What Are Executive Functions in Children and How to Help Them Grow
Understanding Why Your Child Struggles to Stay Focused or Get Started
It’s 6:30 in the evening. You’ve just finished work, and your child still hasn’t begun their reading or math homework. You’ve reminded them three times. Their notebook is open, pencil sharpened—but nothing is happening. Sound familiar?
If your child often has trouble organizing their schoolwork, remembering instructions, or managing their emotions around studying, the underlying reason might be difficulties with executive functions. These are crucial mental skills that quietly govern how your child plans, focuses, remembers, and self-regulates. And just like muscles, they can be strengthened—with patience, practice, and the right tools.
What Are Executive Functions, Really?
Executive functions are the brain’s management system. Think of them as an internal CEO—deciding what’s important, keeping tasks on track, and pushing through distractions. These skills include:
- Working memory: Holding and using information in the short term—for example, remembering multi-step instructions.
- Inhibitory control: Resisting the urge to react impulsively or get distracted.
- Cognitive flexibility: Switching focus, adapting to new information, and thinking creatively when things change.
- Planning and organization: Mapping out tasks, sequencing steps, and following through.
Most children build these skills gradually. But for some—especially those with learning differences, ADHD, or anxiety—executive functioning develops more slowly or unevenly. That’s not a failure. It’s a signal that your child needs more support, not more pressure.
A Different Way to Approach Learning at Home
When a child has underdeveloped executive functions, tackling homework is like running a race with shoelaces tied together. But traditional instruction often only deepens their frustration. That’s where your role as a parent becomes transformative.
Instead of trying to force focus, or discipline forgetfulness, try stepping back. Imagine what it’s like to live in a brain where information disappears mid-sentence, or where switching from playing to math feels like moving mountains. Empathy isn’t just kind—it’s effective.

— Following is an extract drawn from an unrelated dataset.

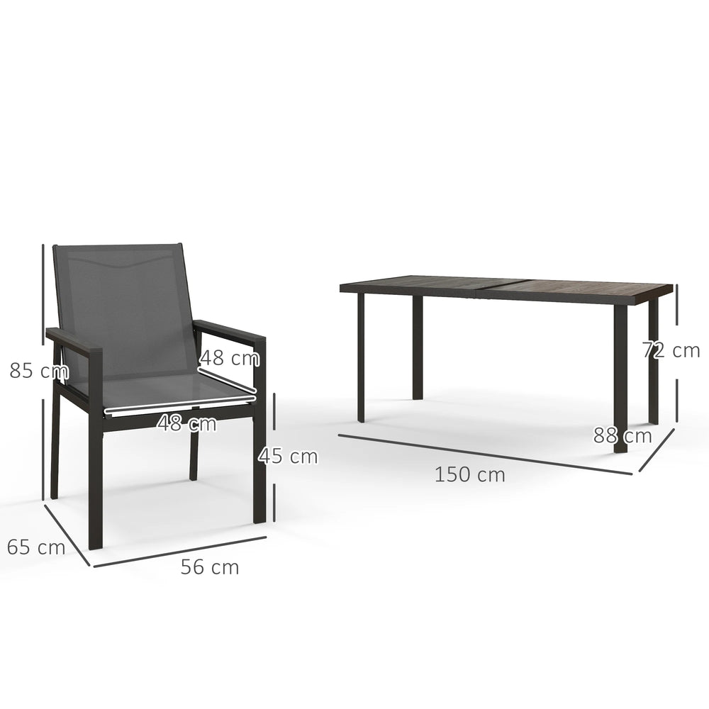 Outsunny Seven-Piece Metal Dining Set, with Glass-Top Table - Grey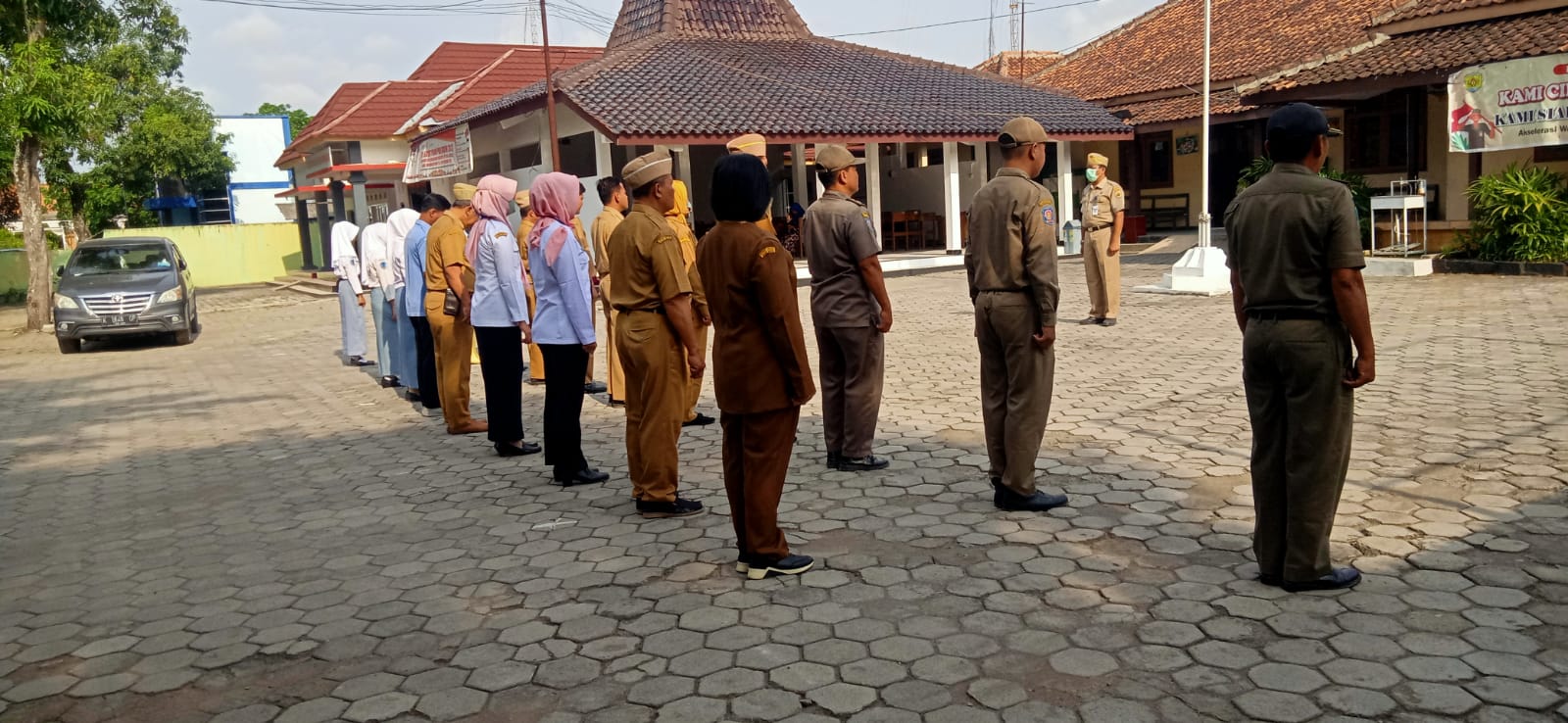 Apel pagi karyawan/ti Sekertariat dan Dinas Instansi Kec Tawangharjo, Senin 27 November 2023 di halaman Kec. Tawangharjo

One very practical tip? Make learning more concrete and connected to your child’s world. For example, turning a written science lesson into a fun, personalized audio adventure where your child becomes the hero—complete with their name and voice narration—can awaken their curiosity and engagement. Some apps, like Skuli (available on iOS and Android), offer this exact experience, helping children stay focused through storytelling while reinforcing key academic content.
And for children who struggle to read or concentrate while seated, transforming lessons into audio—something they can listen to while tidying their room or riding in the car—can bypass executive overload altogether. You can read more about this multisensory approach in this article.
Simple Daily Practices That Train Executive Functions
You don’t need fancy programs to support executive function development. In fact, much of the work happens in day-to-day life—during conversations, play, and little routines. Here are some powerful moments to harness:
- Morning planning: Invite your child to talk through their day with you. What will they do first? What supplies do they need for school? This builds sequencing and forward thinking.
- “What if?” conversations: Pose scenarios—“What if your friend forgets their lunch again?” These help kids practice flexible thinking and problem-solving.
- Organizing personal spaces: From backpacks to bedroom drawers, letting your child lead a simple clean-up encourages decision-making and spatial planning.
- Games that require memory or strategy: Board games like Memory, Uno, or even hide-and-seek support working memory and inhibition in fun, pressure-free ways.
This article explores more on how play fosters cognitive growth without any worksheets required.
Let Frustration Be a Signal, Not a Stop Sign
One of the most frustrating questions you might ask your child is: “Why didn’t you just start your homework?” And often, they can't tell you why. That doesn’t mean they’re lazy or disobedient. It means that the spark that gets us from intention to initiation—the executive function center—isn’t lighting up easily for them.
In these moments, try stepping into their shoes. Offer them a concrete first step: “Let’s just find your math book together.” And then: “Okay, can you read me the first question?” Often, motion creates motivation, but they need scaffolding to get there. Supporting a child’s motivation doesn’t mean pushing harder—it means helping smarter.
You Are Your Child’s Executive Support—For Now
Executive functions don’t mature fully until early adulthood. Until then, your guidance acts as an external executive assistant—helping your child organize, redirect, and persevere. It’s a lot to hold, especially when you’re exhausted too. But take heart: every shared moment of planning, every story-based review session, every reframing of frustration into curiosity—it all helps.
If you’d like to deepen your understanding of how these mental systems work under the surface, this article breaks down the brain’s mechanics in parent-friendly language.
There’s no quick fix. But with compassionate support and small, consistent shifts, your child can nurture the executive functions that will one day let them steer their own ship—brain storms and all.